"""
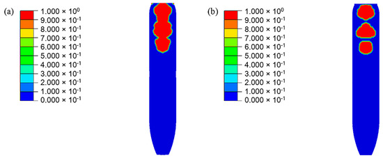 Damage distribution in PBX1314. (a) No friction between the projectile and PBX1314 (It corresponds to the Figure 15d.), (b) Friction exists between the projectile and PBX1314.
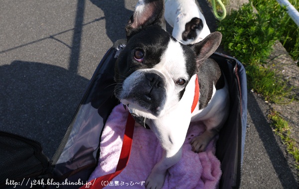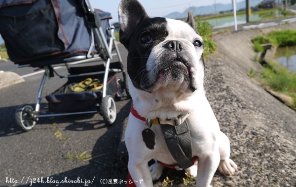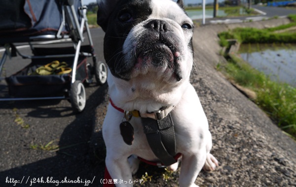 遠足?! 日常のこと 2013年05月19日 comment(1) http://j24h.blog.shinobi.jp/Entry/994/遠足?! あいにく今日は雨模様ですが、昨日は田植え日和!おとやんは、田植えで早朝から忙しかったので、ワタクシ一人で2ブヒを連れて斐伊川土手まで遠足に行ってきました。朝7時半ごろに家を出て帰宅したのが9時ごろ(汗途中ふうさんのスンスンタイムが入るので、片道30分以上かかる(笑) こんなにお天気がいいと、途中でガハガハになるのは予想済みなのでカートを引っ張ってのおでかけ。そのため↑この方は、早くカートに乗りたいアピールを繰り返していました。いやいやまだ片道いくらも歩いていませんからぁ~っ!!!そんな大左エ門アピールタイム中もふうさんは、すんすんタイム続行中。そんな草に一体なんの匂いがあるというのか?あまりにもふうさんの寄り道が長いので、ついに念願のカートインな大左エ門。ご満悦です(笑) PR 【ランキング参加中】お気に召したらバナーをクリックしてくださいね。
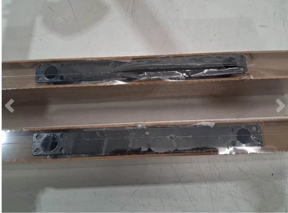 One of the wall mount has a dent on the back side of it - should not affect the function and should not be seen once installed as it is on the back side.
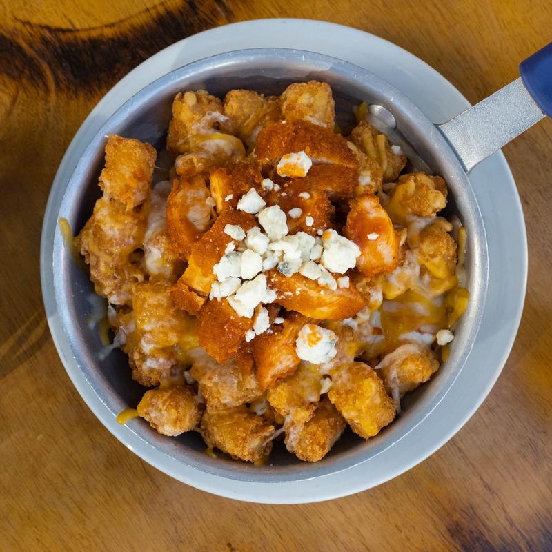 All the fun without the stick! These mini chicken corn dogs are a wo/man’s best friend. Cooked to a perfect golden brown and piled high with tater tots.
"""
» **Problem description**
Reproduce word for word the lines from the one containing "One of the wall" through the end of the data, both ends kept. Drop the pictures.

» **Result below**
 One of the wall mount has a dent on the back side of it - should not affect the function and should not be seen once installed as it is on the back side.
 All the fun without the stick! These mini chicken corn dogs are a wo/man’s best friend. Cooked to a perfect golden brown and piled high with tater tots.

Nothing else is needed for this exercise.